**Records to use**:
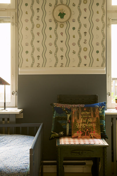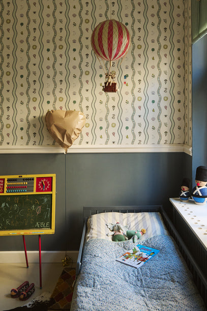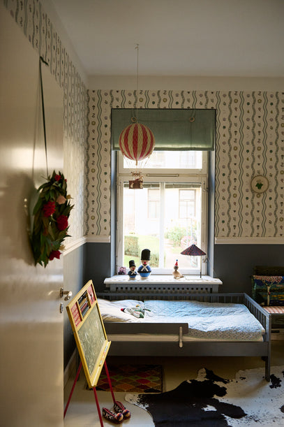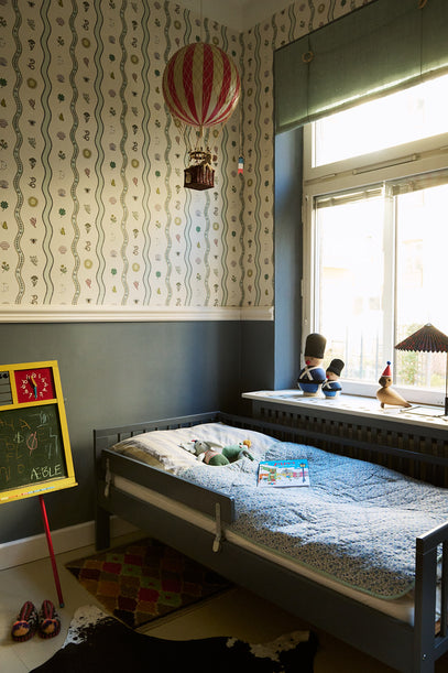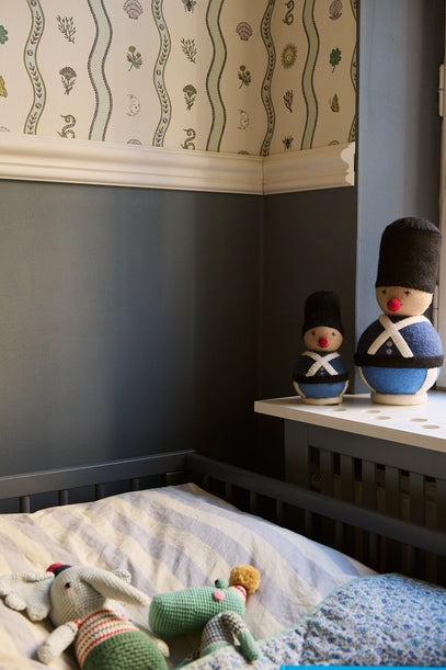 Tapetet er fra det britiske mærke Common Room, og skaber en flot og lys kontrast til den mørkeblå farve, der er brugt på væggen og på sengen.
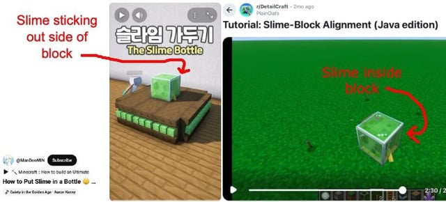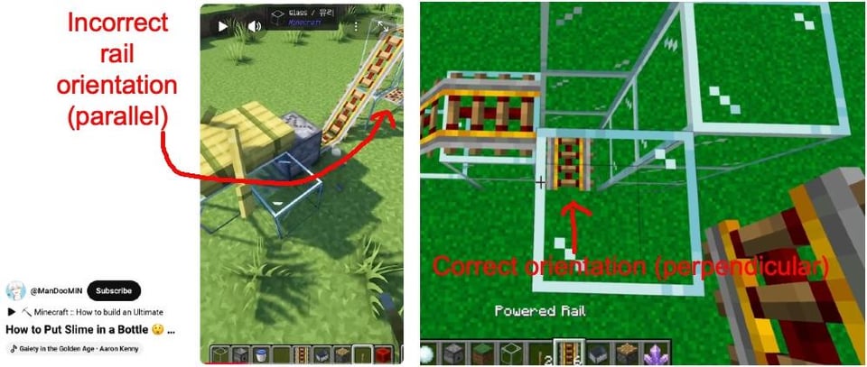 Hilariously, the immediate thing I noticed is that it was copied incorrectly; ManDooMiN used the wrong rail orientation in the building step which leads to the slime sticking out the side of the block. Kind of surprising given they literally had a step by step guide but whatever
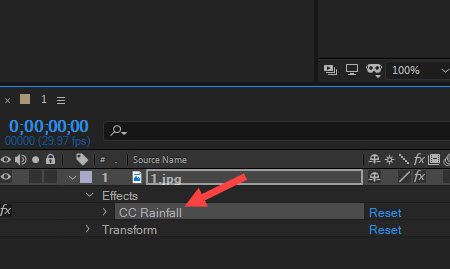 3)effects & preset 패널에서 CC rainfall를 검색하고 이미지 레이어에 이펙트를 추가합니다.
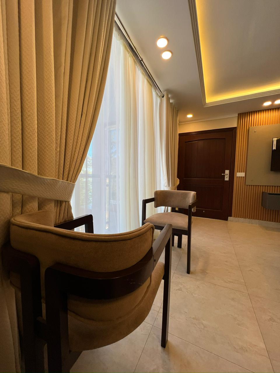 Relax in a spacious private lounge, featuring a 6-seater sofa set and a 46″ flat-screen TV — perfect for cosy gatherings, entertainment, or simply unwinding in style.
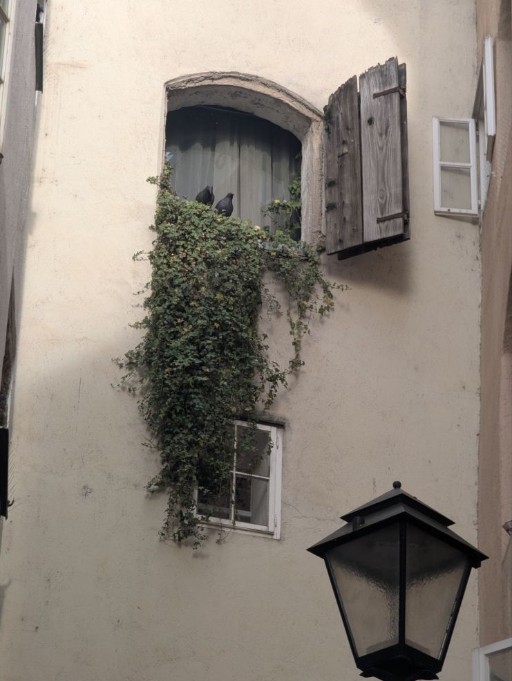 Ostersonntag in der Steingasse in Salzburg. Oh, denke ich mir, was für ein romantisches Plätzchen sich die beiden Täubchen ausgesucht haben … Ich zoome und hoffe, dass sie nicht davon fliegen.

**Assigned task**:
In the copy, include exactly the lines from the one containing "3)effects & preset" through the last line of the records, and no pictures or other text.

**Expected answer**:
 3)effects & preset 패널에서 CC rainfall를 검색하고 이미지 레이어에 이펙트를 추가합니다.
 Relax in a spacious private lounge, featuring a 6-seater sofa set and a 46″ flat-screen TV — perfect for cosy gatherings, entertainment, or simply unwinding in style.
 Ostersonntag in der Steingasse in Salzburg. Oh, denke ich mir, was für ein romantisches Plätzchen sich die beiden Täubchen ausgesucht haben … Ich zoome und hoffe, dass sie nicht davon fliegen.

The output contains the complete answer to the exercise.